Сокровища града КитежаНевероятное, но правдивое происшествие с предисловием издательства, примечаниями переводчика и послесловием редакции
Шрифт:
От далекой России на нас уже веяло ледяным холодом. Но наши отважные сердца, согреваясь мыслями о сокровищах, были непоколебимы. Право же, я чувствовал себя рыцарем и мой девиз была — обольстительнейшая мадемуазель Клэр, мой щит — знаменитая «доха», и цель — сокровища, сосчитать которых с точностью не смог даже гений Оноре Туапрео.
Мягко и бесшумно тронулся поезд, увозя нас в наш крестовый поход.
Вечерний Париж уплывал все дальше и дальше. И только огни города долго еще сверкали в наступивших потемках рассыпными самоцветами, да башня Эйфеля посылала
Мы отошли от окна и, кажется, дорогой учитель смахнул платком набежавшую слезу расставанья.
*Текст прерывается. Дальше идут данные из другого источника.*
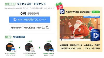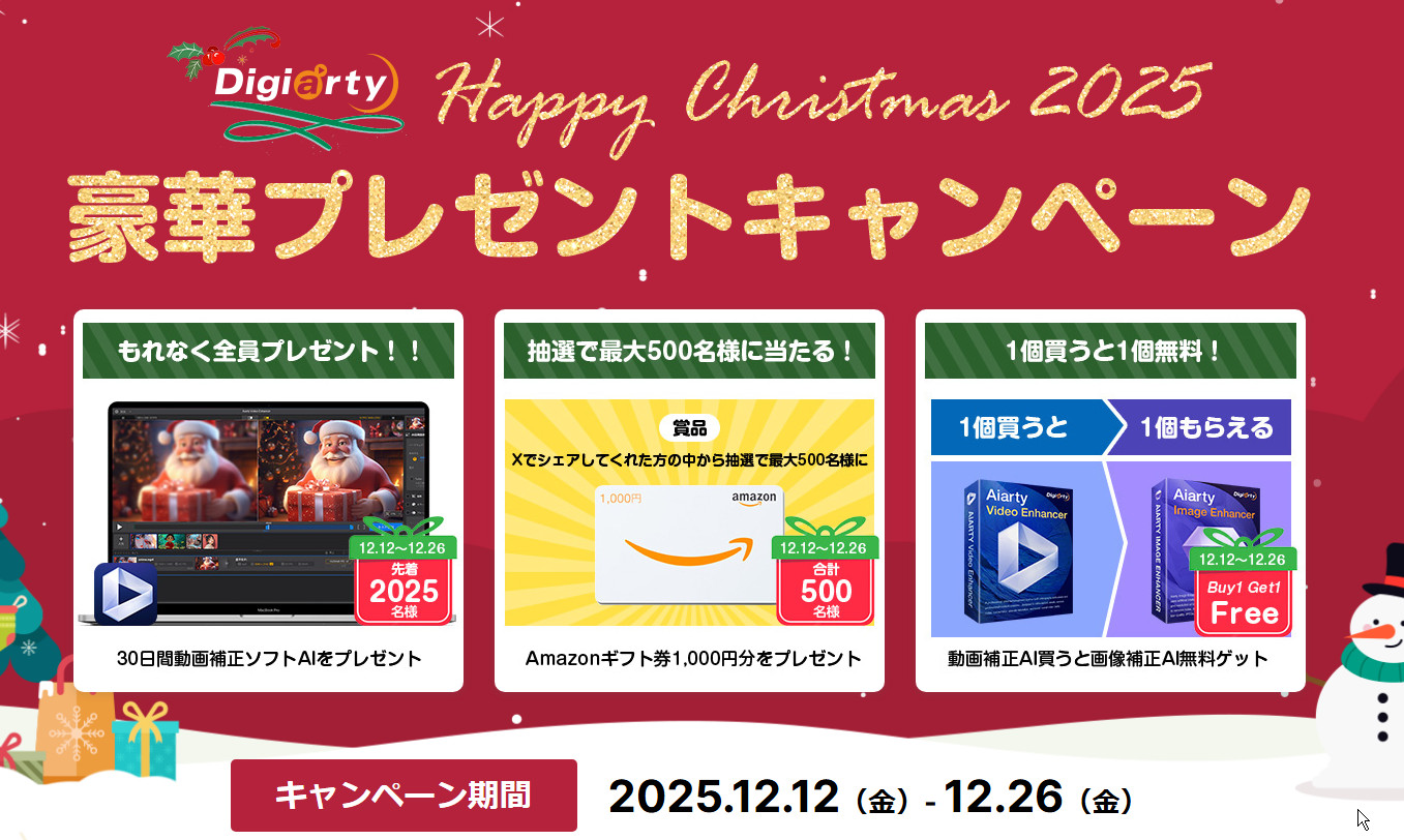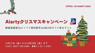 今年のクリスマス、AI動画補正ソフトの「Aiarty Video Enhancer 」が先着2,025名に無料で提供されています。さらに、Amazonギフト券の当たるシェアキャンペーンも実施中で、総数は最大500名にのぼります。

С прошлым покончено! Впереди нас ждут борьба и победы. И когда мы вернемся в родной наш Париж, вернемся с триумфом, — мы будем, конечно, другими людьми.
Разговор не клеился и мы улеглись спать.
7
Встающий день застал нас на германской границе.
Приятно было наблюдать, что уроки войны не прошли для бошей даром: они научились вежливости, они стали любезны с победителями.
В течение нескольких минут были покончены все формальности с паспортами и багажом. Чиновники были предупредительно любезны и разговаривали с нами на нашем родном языке. Вот вам еще одна очевидная польза минувшей войны, — немецкие чиновники разговаривают по- французски. Конечно, было бы лучше, если бы вся Германия заговорила по-французски. Но ничего, в следующий раз, мы надеемся, так и будет. Ведь недаром воздвигнута «могила неизвестного солдата» — она вопиет о мести и месть будет!
Конечно, вагоны бошей не так удобны, как наши, но все же мы разместились в купе. Гнуснейшего вида рыжий немец прокричал свое нелепое «Abfahr!» — и вот опять мы неуклонно стремимся к нашей цели.
— Ну, знаете ли, это возмутительно! Я едва совладел с собою!
С этими словами господин Бартельс, багровея и очевидно волнуясь, закурил свою сигару.
— В чем дело?
— Что случилось?
— Да помилуйте, эти немецкие свиньи!..
— Но, по-моему, они были с нами настолько любезны, что не будь они боши, я сказал бы, они французы!
— Уважаемый профессор! Неужели вы не слышали? Любезны? По-французски — да, но как отчаянно ругали они нас по-немецки!
— Вы думаете, что это они нас ругали? — удивился я.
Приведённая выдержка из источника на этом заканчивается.